Red Lines
At the outset of Putin’s invasion of Ukraine, he warned the west against intervention, lest it meet “consequences greater than any you have faced in history”. Since then, Russia has shown no compunction in shelling the cities it attacks, possibly recklessly, possibly missing military targets; most likely targeting indiscriminately to demoralise defenders. Russia is also accused of shelling the humanitarian corridors it promotes so energetically; of firing on protesters in the occupied city of Kherson; and of deporting civilians to Russia. Whatever the details, ten million Ukrainians - just under one quarter - have been displaced.
When Herman Kahn wrote On Escalation in 1965, he noted the parallel of the fifties game of “chicken”, in which American teenagers drove their souped-up bangers at each other, to see who would swerve first. He noted that one winning strategy is ostentatiously to throw away the steering wheel, to convey that swerving is off the cards. Is this what Putin is doing? If so, how should NATO respond? Any answer is complicated by NATO’s own game of chicken: “strategic ambiguity”, intended to leave first the Soviet Union and now Russia uncertain about where the West’s red lines lie and what happens if they are crossed.
It is arguable that the present pass calls rather for a programme of deliberate and proportionate responses, well telegraphed to the other side. There are two elements to such a programme. One is to establish the threshold for action - those famous red lines. These may be territorial, attacks on the territory of a NATO member; or they may be escalation on the battlefield, that is using the chemical, biological or nuclear “weapons of mass destruction”. Complications arise out of stealth - there is evidence that in October 2014, the Russians attacked NATO facilities in the Czech Republic with deniable special forces; ambiguity - both sides have low-yield tactical nuclear weapons; and bad politics - the West funked it when Russia and Syria used chemical weapons in 2013. This may be a reason for some of that “strategic ambiguity”.

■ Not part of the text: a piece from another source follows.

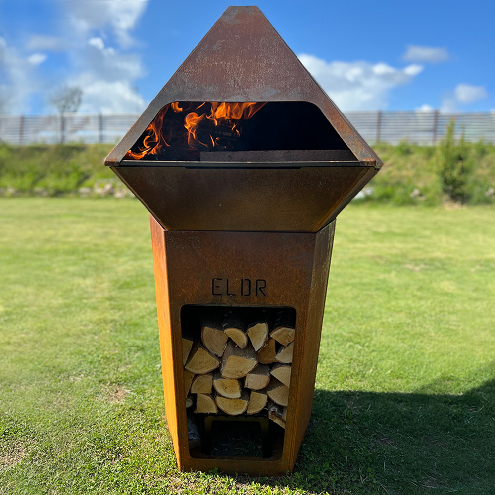 Den passar lika bra att få upp värmen vid och grilla en korv på efter en dag i skidbacken som till sommarens varma festkvällar där brasan blir ett vackert smycke. Även när ELDR inte används kommer den vara ett konstnärligt alster och ett sprakande tillskott i din trädgård med sin patina.

Then we turn to military responses. The West is well-informed and well-armed, so has ample options. The proportionate course is to limit retaliation to the military units violating the threshold and their associated logistics and command systems. For example, a drone strike on NATO territory may be held to justify destroying the launch-pads themselves, together with their associated radar and HQ set-ups. This is complicated, if (to take this example further) drones are launched from aircraft, warships or remote locations. Further complications arise out of the use of weapons of mass destruction, where the West is well enough armed to have the choice of not responding in kind.
These are serious matters, to be treated accordingly. How else to walk the narrow tightrope of deterring our antagonist by keeping retaliation on the agenda, without going straight to Kahn’s terrifying climax, “insensate or spasm nuclear exchanges”?